Square with a beautiful white basilica from 1969 is the central point of the village, where life of tourists and locals goes on. It replaced a previous one, destroyed by the Lisbon earthquake in 1755. Just in front of it, on wide marshes, innumerable flamingos and other birds are seeking food, as well as herds of horses are grazing. There aren’t many things to visit here aside from the church. However, one can see a lot of really fascinating and unusual scenes. Riders on horses, mules and donkeys stopping in front of bars to revive tired bodies without dismounting, horses lead from a car, off-road jeeps resembling the beginnings of motorization, and coaches pulled by mules, as in the Gold Rush times – all these things make for a unique and exceptional climate of this place.
The day of the round-up, at dawn, riders called here “yeguarizos” (from Spanish word “yegua” meaning “mare”) free the mares with their foals from the corrals situated in the national park and lead big herds towards the village where, on the square in front of the church, horses will be hallowed during the holy mass that is celebrated especially for this occasion. The sight of hundreds of horses running in the cloud of dust is really breathtaking.
After the church service, animals set out for their journey, taking a road which passes across the picturesque Pinia forests, where the light filtering between the trees, through omnipresent dust, create beautiful dreamlike images. In the early afternoon they reach the corrals, where they will rest till the evening, waiting for the most oppressive heat to pass. That’s when they will start the last leg, which ends 15 km far off in a neighboring village. Afterwards, having passed through its streets, the horses are enclosed in the corrals where they will spend the entire night. Next day, the mares and the foals have their manes and tails cropped and they are put up for sale. The ones which don’t find buyers, will soon come back to their pastures by the seaside.
What struck me the most was the authenticity of this event. It had nothing in common with typical cliché images of tourist attractions. I had the chance to take a close-up look at the riders and their horses while they were passing through the streets. Tanned by the sun, unshaven faces, headscarves and hats protecting from the heat, shirts all sweaty and grey from the dust… All these details being a true testament to their effort and the long hours they spent in the saddle, in a cloud of dust and with the heat pouring from the sky.The not-that-uncommon view of 5-7 year old boys riding alone in the saddle and even smaller children sharing a horse with their fathers, testify that the tradition passes from one generation to another.
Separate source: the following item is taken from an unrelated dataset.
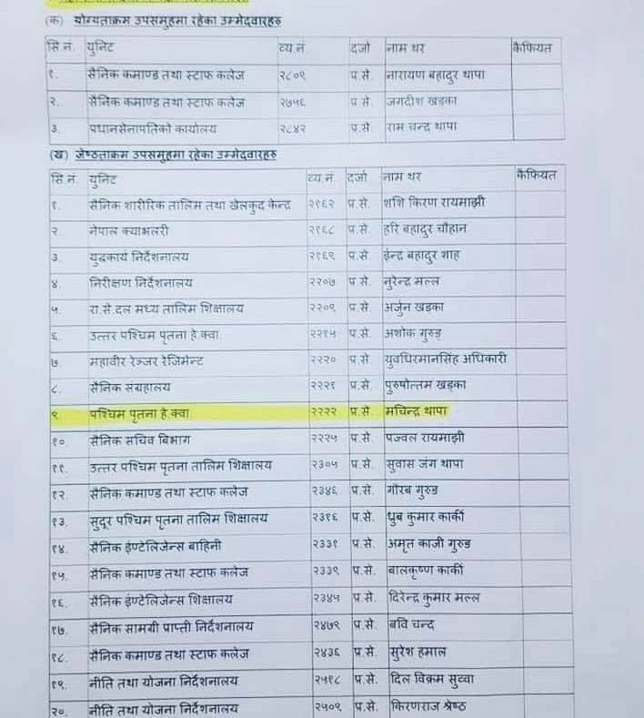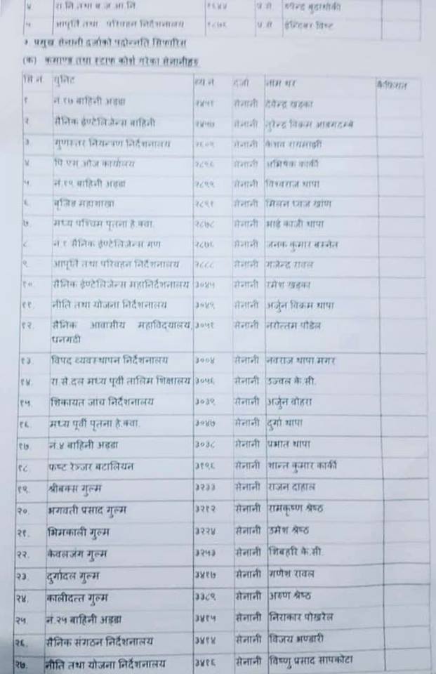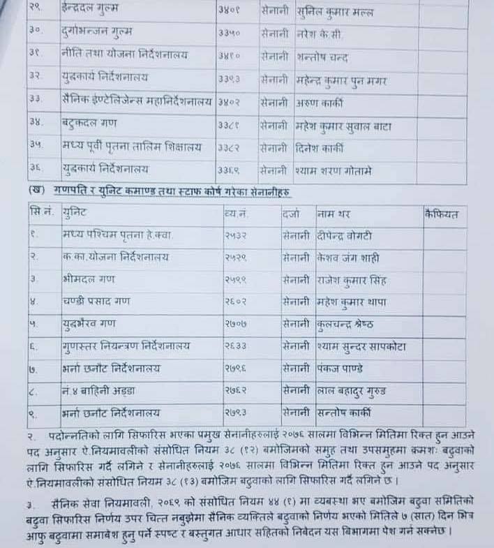 उनीहरुको रिक्त स्थानमा बढुवा हुने सेनाले जनाएको छ । प्रधानसेनापति पूर्णचन्द्र थापाले चैत २१ मा बढुवा समितिले गरेको सैनिक अधिकृतहरुको बढुवा सदर गरेका हुन् ।

I don’t know if they were riding the whole route, frankly speaking I don’t think so, however, even if it was only a small episode, participating in this event shows their great courage and determination. Also, horses that pass this punishing journey must be incredibly strong and enduring.
The round-up was the main point of this trip. However, it would be difficult for me not to take the opportunity to visit several farms in Andalusia and Extremadura, which I have not seen before. In June, in the arid Sierra Morena region (homeland of Curro Jimenez), there is no trace of anything green any more. The crops have been collected, flowers are done blooming, the landscape is dominated by dry grass and the ubiquitous dust. Animals are looking for some shade under the trees. Only the palm trees don’t seem to suffer from the heat. Although the Spaniards always repeat that their country is the most beautiful in spring when everything is green, for me, this landscape also has its own unique charm.
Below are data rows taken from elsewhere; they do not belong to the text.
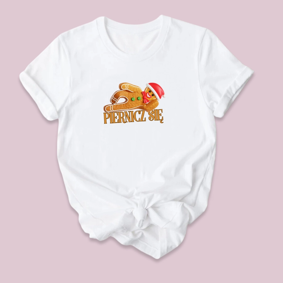 Koszulka z zabawnym, świątecznym nadrukiem - Piernicz się, idealna propozycja na prezent Mikołajkowy czy pod choinkę. Koszulka świetnie sprawdzi się, także jako stylizacja do pracy :)
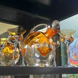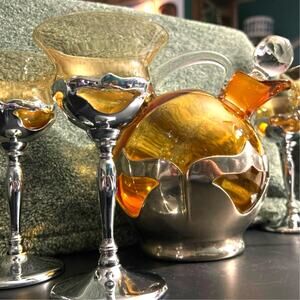 This beautiful set combines amber glass components with chrome metal bases and accents. The goblets can be separated, carefully, to clean glass or chrome. No chips, cracks, repairs to glass. Not sure about the decanter. Always open to considering reasonable offers.
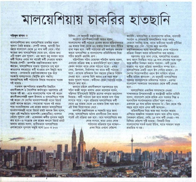 বাংলাদেশিদের জন্য মালয়েশিয়ায় চাকরির দারুণ সুযোগ তৈরি হয়েছে। দেশটি বলছে, আগামী তিন বছরে বাংলাদেশ থেকে ১৫ লাখ কর্মী নেবে। যাঁরা কাজের জন্য মালয়েশিয়ায় যেতে চান, তাঁদের জন্য এটি দারুণ এক সুযোগ। এর আগে শুধু বনায়ন খাতে কর্মী নিলেও এবার সব খাতেই কর্মী নেওয়ার আশ্বাস দিয়েছে দেশটি। জনশক্তি রপ্তানিকারকেরা আশা করছেন, মালয়েশিয়ার বাজার পুরোদমে চালু হলে কাতারসহ মধ্যপ্রাচ্যে কর্মী যাওয়ার চাপ কিছুটা কমে আসবে। বেসরকারি রপ্তানিকারকদের যুক্ত করে সরকারি ব্যবস্থাপনায় (জিটুজি প্লাস পদ্ধতি) মালয়েশিয়ায় কর্মী পাঠানোর বিষয়ে সমঝোতা স্মারক সই হয়েছে।

During each stay in Spain, I have the good fortune to meet true enthusiasts who can talk about horses with no end, at any time and under any circumstances. Can you imagine something more fun than to swim in the pool at night, after a really hot day, and, on this occasion, listen to some fascinating stories told me by a breeder and a veterinary, about the inheritance of horses’ coat colors? Such experiences are priceless and always make me leave the Iberian Peninsula with a bit of nostalgia, which in turn makes me come back later with even more joy and curiosity.